__WHAT IS REQUIRED__. Print all of the data below exactly as it appears, leaving out every image.

· · ·

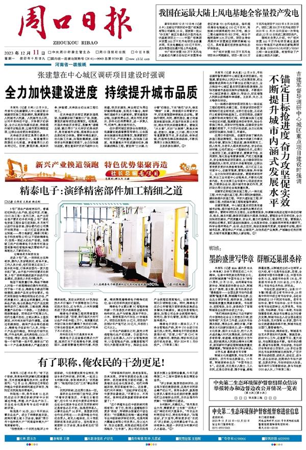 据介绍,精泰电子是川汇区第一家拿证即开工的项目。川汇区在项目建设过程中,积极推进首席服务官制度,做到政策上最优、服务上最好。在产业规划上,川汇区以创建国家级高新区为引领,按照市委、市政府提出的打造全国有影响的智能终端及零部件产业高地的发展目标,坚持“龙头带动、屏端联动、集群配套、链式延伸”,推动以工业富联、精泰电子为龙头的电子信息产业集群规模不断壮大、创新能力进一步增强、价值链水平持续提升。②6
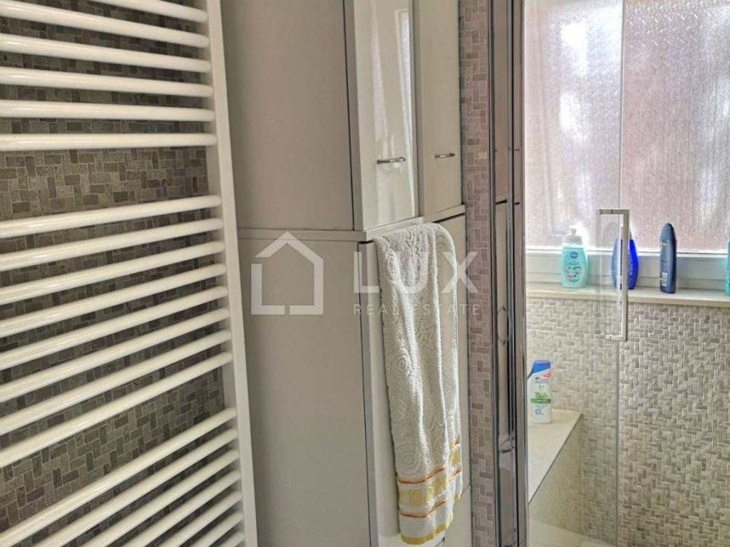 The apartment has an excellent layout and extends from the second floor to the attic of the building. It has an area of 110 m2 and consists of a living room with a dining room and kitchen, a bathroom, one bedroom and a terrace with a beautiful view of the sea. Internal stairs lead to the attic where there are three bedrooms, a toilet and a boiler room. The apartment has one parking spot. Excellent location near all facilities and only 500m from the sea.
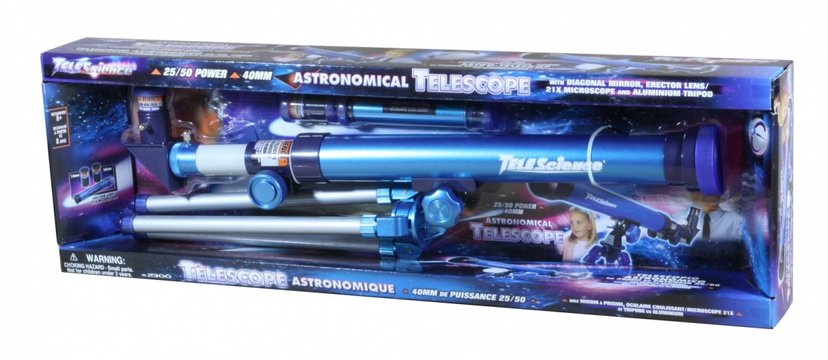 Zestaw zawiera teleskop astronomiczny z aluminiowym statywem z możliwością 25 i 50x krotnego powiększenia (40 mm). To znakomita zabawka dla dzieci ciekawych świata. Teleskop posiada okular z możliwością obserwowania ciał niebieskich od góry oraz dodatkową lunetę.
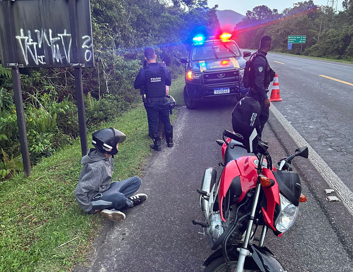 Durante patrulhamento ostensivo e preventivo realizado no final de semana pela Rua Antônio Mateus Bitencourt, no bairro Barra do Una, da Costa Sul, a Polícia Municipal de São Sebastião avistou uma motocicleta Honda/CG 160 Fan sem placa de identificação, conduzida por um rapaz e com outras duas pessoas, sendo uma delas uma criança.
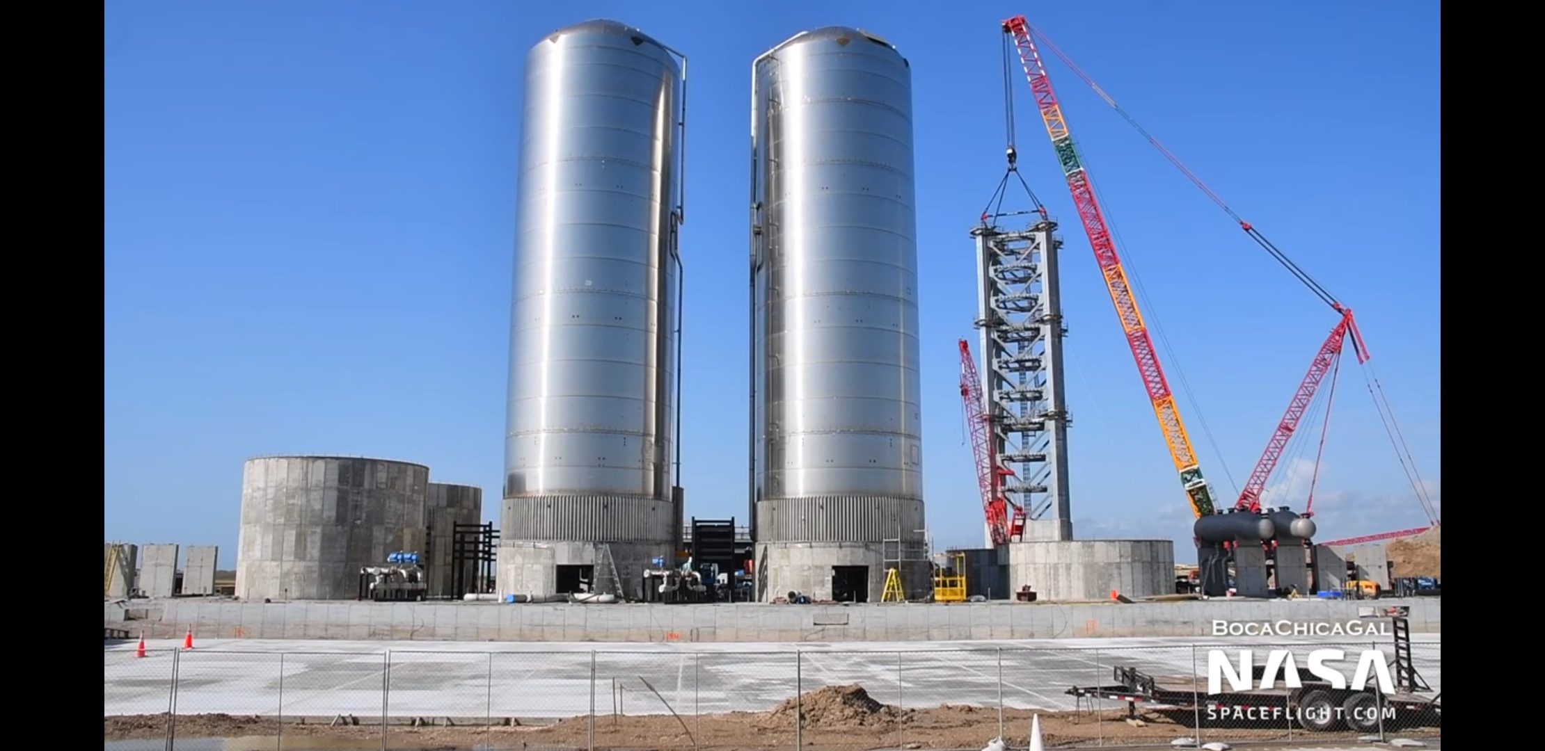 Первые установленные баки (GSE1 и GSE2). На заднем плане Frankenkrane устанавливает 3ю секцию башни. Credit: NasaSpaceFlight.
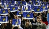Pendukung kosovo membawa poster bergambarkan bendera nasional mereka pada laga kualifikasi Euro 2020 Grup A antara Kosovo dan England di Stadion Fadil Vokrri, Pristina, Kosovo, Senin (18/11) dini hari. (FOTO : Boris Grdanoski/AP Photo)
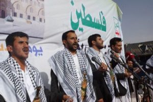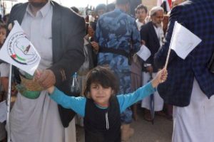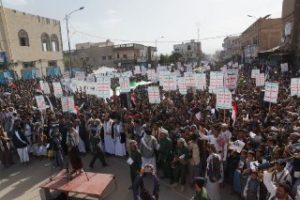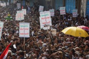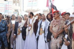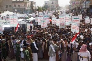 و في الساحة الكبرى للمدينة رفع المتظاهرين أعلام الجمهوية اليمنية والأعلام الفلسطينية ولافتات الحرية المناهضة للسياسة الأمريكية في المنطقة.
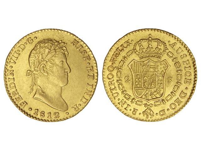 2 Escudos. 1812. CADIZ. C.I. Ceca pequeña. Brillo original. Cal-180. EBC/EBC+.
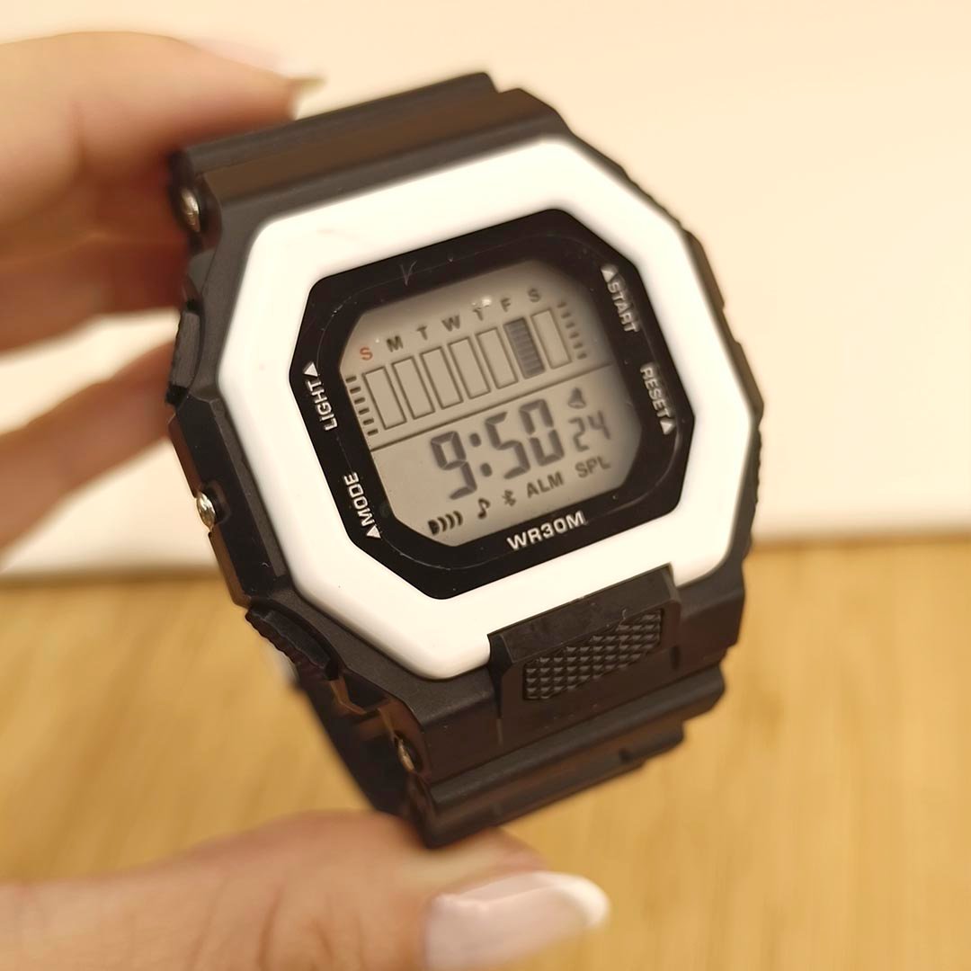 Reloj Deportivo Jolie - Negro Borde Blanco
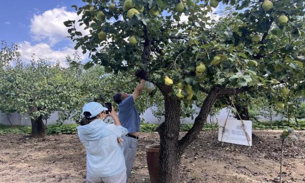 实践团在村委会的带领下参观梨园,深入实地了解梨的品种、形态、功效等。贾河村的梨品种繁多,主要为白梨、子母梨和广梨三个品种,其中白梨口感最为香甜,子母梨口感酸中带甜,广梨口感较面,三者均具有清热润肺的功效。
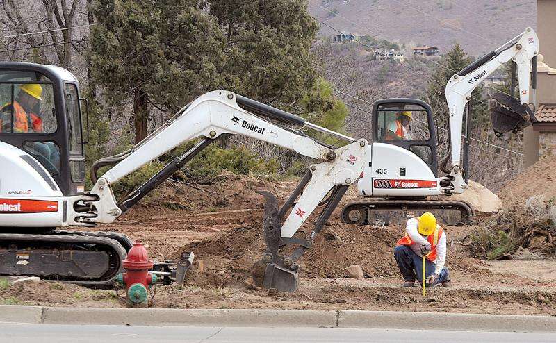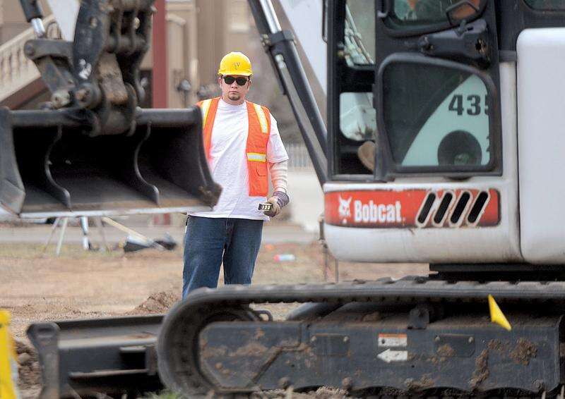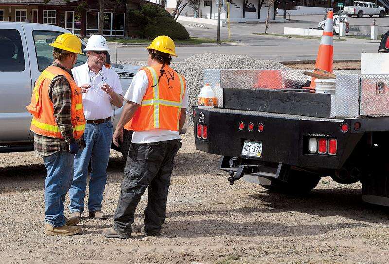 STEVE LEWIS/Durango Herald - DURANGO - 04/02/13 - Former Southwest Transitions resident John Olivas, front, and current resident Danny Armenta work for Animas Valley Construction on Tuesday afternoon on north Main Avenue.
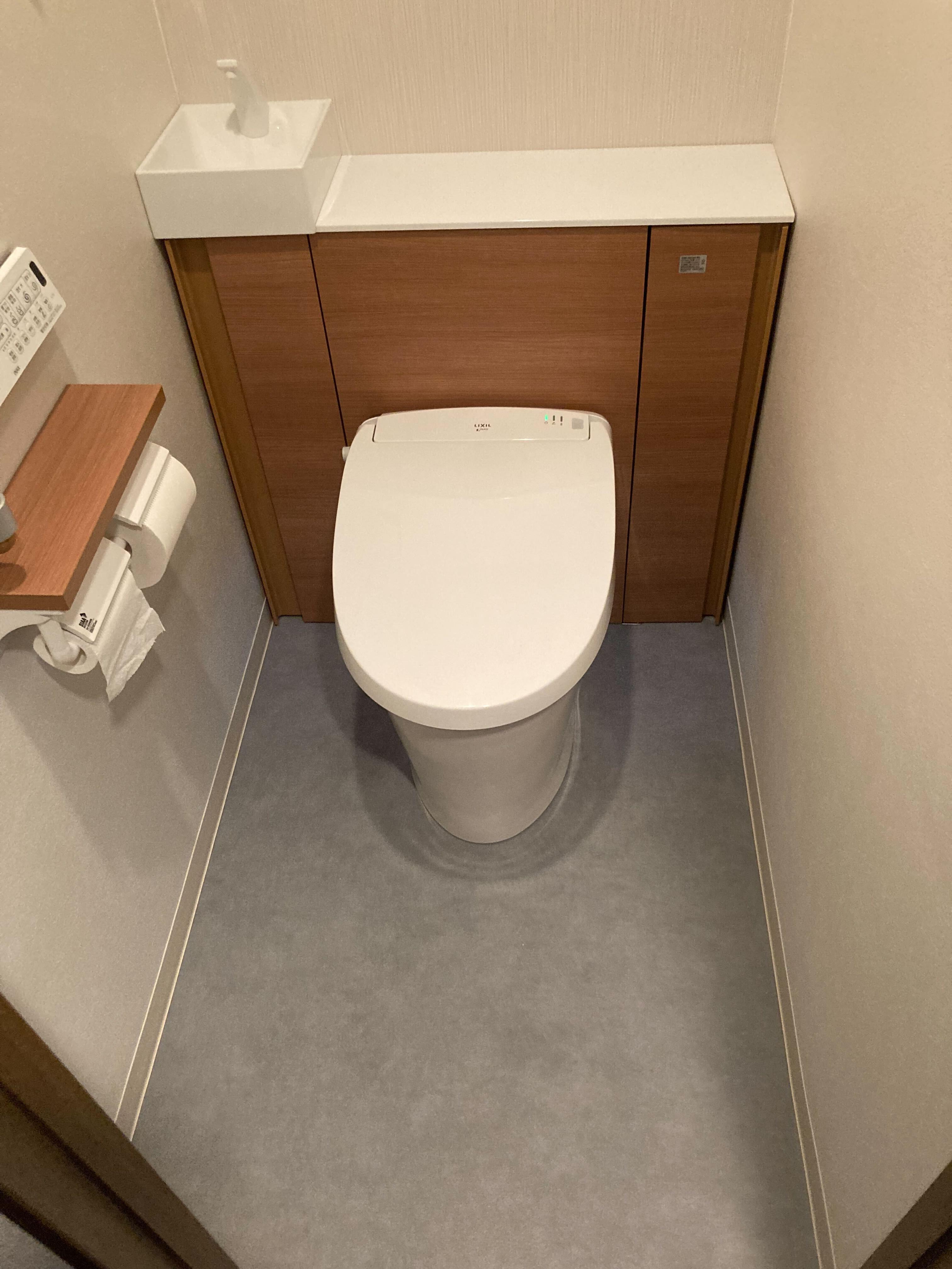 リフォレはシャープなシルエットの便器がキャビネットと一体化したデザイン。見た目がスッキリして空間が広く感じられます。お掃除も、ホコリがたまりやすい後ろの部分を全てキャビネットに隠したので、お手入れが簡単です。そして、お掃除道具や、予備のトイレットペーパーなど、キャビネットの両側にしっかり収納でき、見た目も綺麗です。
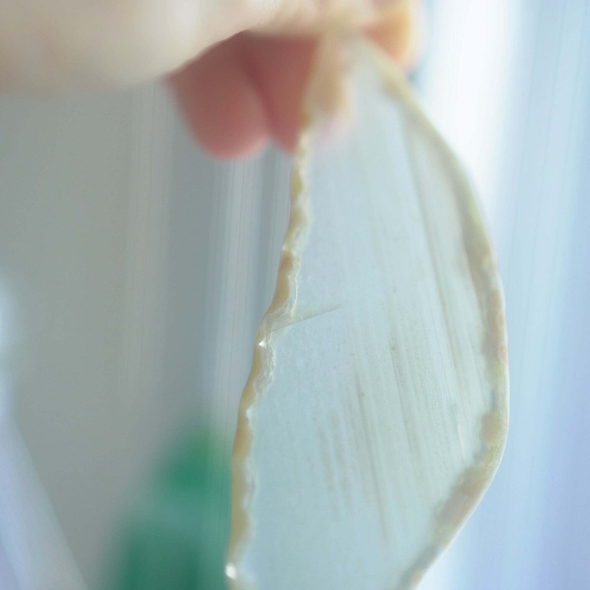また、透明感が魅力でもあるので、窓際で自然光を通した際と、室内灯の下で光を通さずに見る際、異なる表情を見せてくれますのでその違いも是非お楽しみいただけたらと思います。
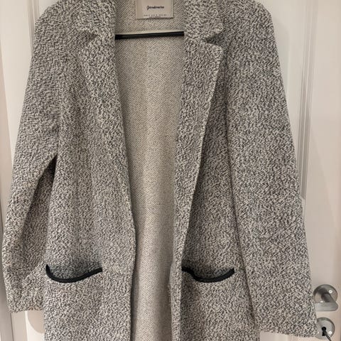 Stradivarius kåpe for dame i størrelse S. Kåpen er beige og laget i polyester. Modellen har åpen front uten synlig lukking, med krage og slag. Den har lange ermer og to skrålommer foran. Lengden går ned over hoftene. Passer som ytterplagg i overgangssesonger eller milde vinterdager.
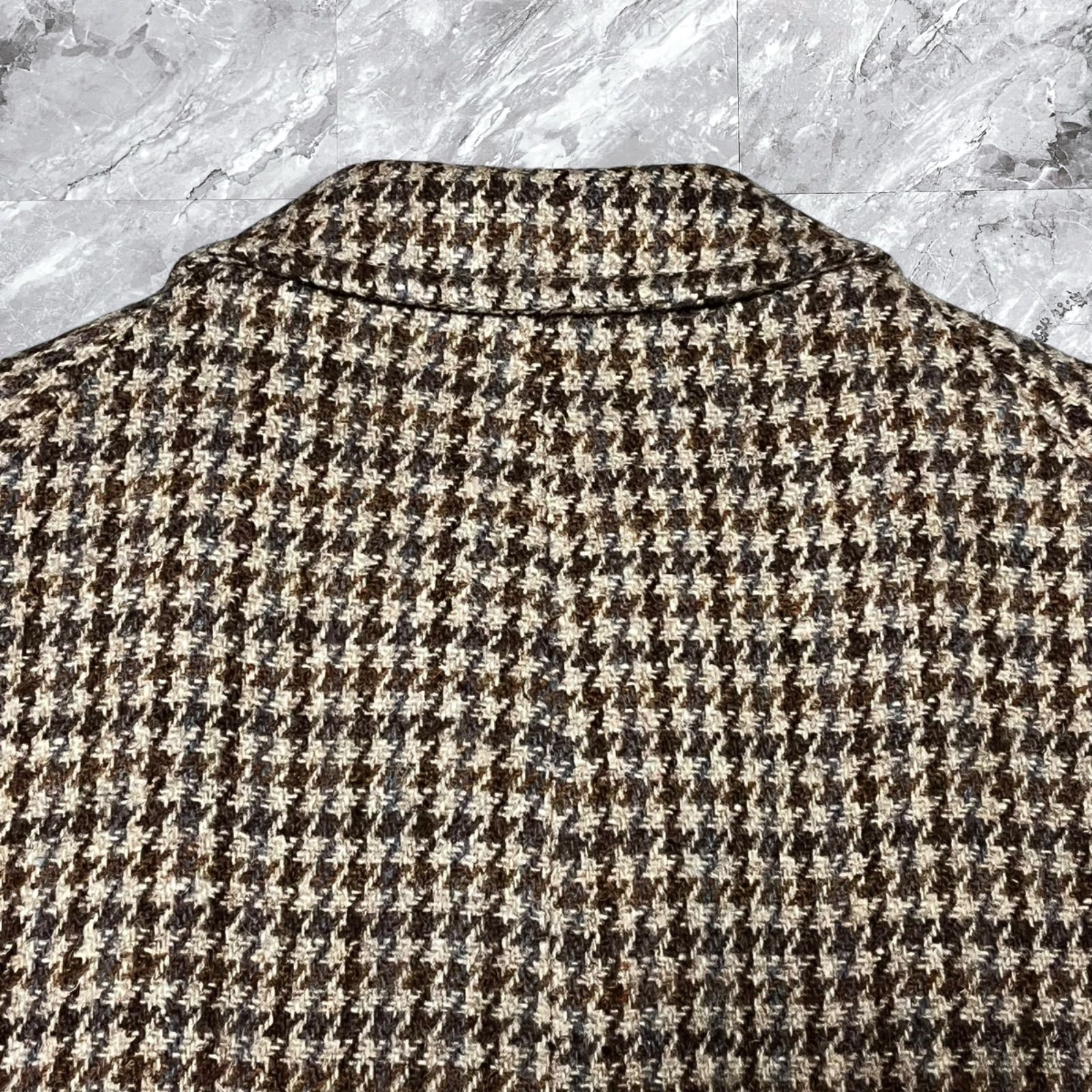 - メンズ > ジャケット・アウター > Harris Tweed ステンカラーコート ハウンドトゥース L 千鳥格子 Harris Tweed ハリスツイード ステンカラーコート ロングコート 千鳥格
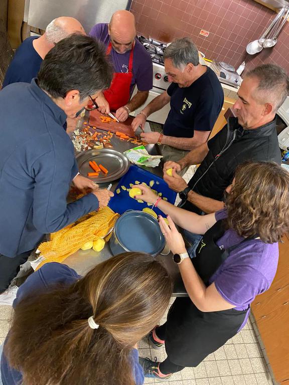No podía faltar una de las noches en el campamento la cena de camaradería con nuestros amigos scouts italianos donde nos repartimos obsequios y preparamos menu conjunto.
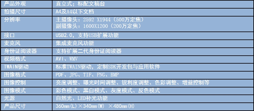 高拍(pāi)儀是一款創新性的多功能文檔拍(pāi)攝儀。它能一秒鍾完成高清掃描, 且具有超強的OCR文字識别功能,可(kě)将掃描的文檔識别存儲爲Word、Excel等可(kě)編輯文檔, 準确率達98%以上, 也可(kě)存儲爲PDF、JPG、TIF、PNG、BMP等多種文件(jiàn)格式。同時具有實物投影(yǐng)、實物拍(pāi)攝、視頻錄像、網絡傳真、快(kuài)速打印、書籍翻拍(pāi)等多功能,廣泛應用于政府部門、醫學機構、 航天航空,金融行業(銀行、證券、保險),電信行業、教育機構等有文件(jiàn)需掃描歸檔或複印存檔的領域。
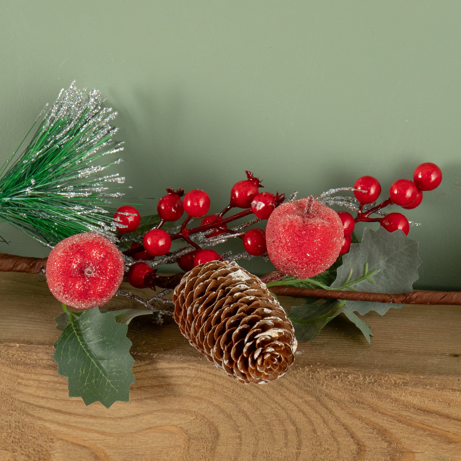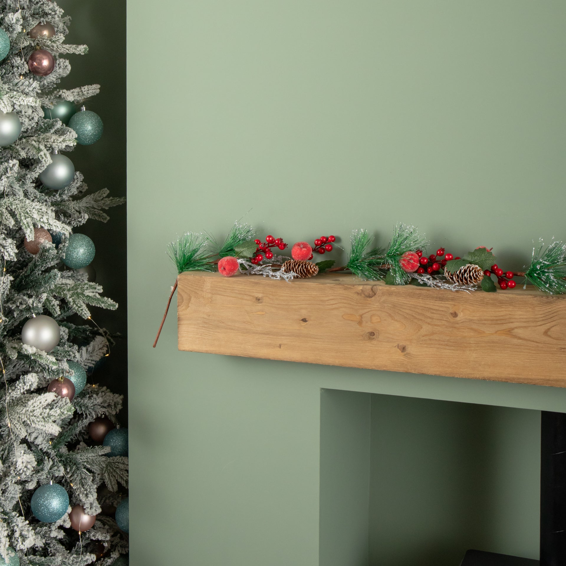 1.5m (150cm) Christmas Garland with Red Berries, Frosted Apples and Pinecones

· · ·

__RESPONSE TO THE TASK__.
 据介绍,精泰电子是川汇区第一家拿证即开工的项目。川汇区在项目建设过程中,积极推进首席服务官制度,做到政策上最优、服务上最好。在产业规划上,川汇区以创建国家级高新区为引领,按照市委、市政府提出的打造全国有影响的智能终端及零部件产业高地的发展目标,坚持“龙头带动、屏端联动、集群配套、链式延伸”,推动以工业富联、精泰电子为龙头的电子信息产业集群规模不断壮大、创新能力进一步增强、价值链水平持续提升。②6
 The apartment has an excellent layout and extends from the second floor to the attic of the building. It has an area of 110 m2 and consists of a living room with a dining room and kitchen, a bathroom, one bedroom and a terrace with a beautiful view of the sea. Internal stairs lead to the attic where there are three bedrooms, a toilet and a boiler room. The apartment has one parking spot. Excellent location near all facilities and only 500m from the sea.
 Zestaw zawiera teleskop astronomiczny z aluminiowym statywem z możliwością 25 i 50x krotnego powiększenia (40 mm). To znakomita zabawka dla dzieci ciekawych świata. Teleskop posiada okular z możliwością obserwowania ciał niebieskich od góry oraz dodatkową lunetę.
 Durante patrulhamento ostensivo e preventivo realizado no final de semana pela Rua Antônio Mateus Bitencourt, no bairro Barra do Una, da Costa Sul, a Polícia Municipal de São Sebastião avistou uma motocicleta Honda/CG 160 Fan sem placa de identificação, conduzida por um rapaz e com outras duas pessoas, sendo uma delas uma criança.
 Первые установленные баки (GSE1 и GSE2). На заднем плане Frankenkrane устанавливает 3ю секцию башни. Credit: NasaSpaceFlight.
Pendukung kosovo membawa poster bergambarkan bendera nasional mereka pada laga kualifikasi Euro 2020 Grup A antara Kosovo dan England di Stadion Fadil Vokrri, Pristina, Kosovo, Senin (18/11) dini hari. (FOTO : Boris Grdanoski/AP Photo)
 و في الساحة الكبرى للمدينة رفع المتظاهرين أعلام الجمهوية اليمنية والأعلام الفلسطينية ولافتات الحرية المناهضة للسياسة الأمريكية في المنطقة.
 2 Escudos. 1812. CADIZ. C.I. Ceca pequeña. Brillo original. Cal-180. EBC/EBC+.
 Reloj Deportivo Jolie - Negro Borde Blanco
 实践团在村委会的带领下参观梨园,深入实地了解梨的品种、形态、功效等。贾河村的梨品种繁多,主要为白梨、子母梨和广梨三个品种,其中白梨口感最为香甜,子母梨口感酸中带甜,广梨口感较面,三者均具有清热润肺的功效。
 STEVE LEWIS/Durango Herald - DURANGO - 04/02/13 - Former Southwest Transitions resident John Olivas, front, and current resident Danny Armenta work for Animas Valley Construction on Tuesday afternoon on north Main Avenue.
 リフォレはシャープなシルエットの便器がキャビネットと一体化したデザイン。見た目がスッキリして空間が広く感じられます。お掃除も、ホコリがたまりやすい後ろの部分を全てキャビネットに隠したので、お手入れが簡単です。そして、お掃除道具や、予備のトイレットペーパーなど、キャビネットの両側にしっかり収納でき、見た目も綺麗です。
また、透明感が魅力でもあるので、窓際で自然光を通した際と、室内灯の下で光を通さずに見る際、異なる表情を見せてくれますのでその違いも是非お楽しみいただけたらと思います。
 Stradivarius kåpe for dame i størrelse S. Kåpen er beige og laget i polyester. Modellen har åpen front uten synlig lukking, med krage og slag. Den har lange ermer og to skrålommer foran. Lengden går ned over hoftene. Passer som ytterplagg i overgangssesonger eller milde vinterdager.
 - メンズ > ジャケット・アウター > Harris Tweed ステンカラーコート ハウンドトゥース L 千鳥格子 Harris Tweed ハリスツイード ステンカラーコート ロングコート 千鳥格
No podía faltar una de las noches en el campamento la cena de camaradería con nuestros amigos scouts italianos donde nos repartimos obsequios y preparamos menu conjunto.
 高拍(pāi)儀是一款創新性的多功能文檔拍(pāi)攝儀。它能一秒鍾完成高清掃描, 且具有超強的OCR文字識别功能,可(kě)将掃描的文檔識别存儲爲Word、Excel等可(kě)編輯文檔, 準确率達98%以上, 也可(kě)存儲爲PDF、JPG、TIF、PNG、BMP等多種文件(jiàn)格式。同時具有實物投影(yǐng)、實物拍(pāi)攝、視頻錄像、網絡傳真、快(kuài)速打印、書籍翻拍(pāi)等多功能,廣泛應用于政府部門、醫學機構、 航天航空,金融行業(銀行、證券、保險),電信行業、教育機構等有文件(jiàn)需掃描歸檔或複印存檔的領域。
 1.5m (150cm) Christmas Garland with Red Berries, Frosted Apples and Pinecones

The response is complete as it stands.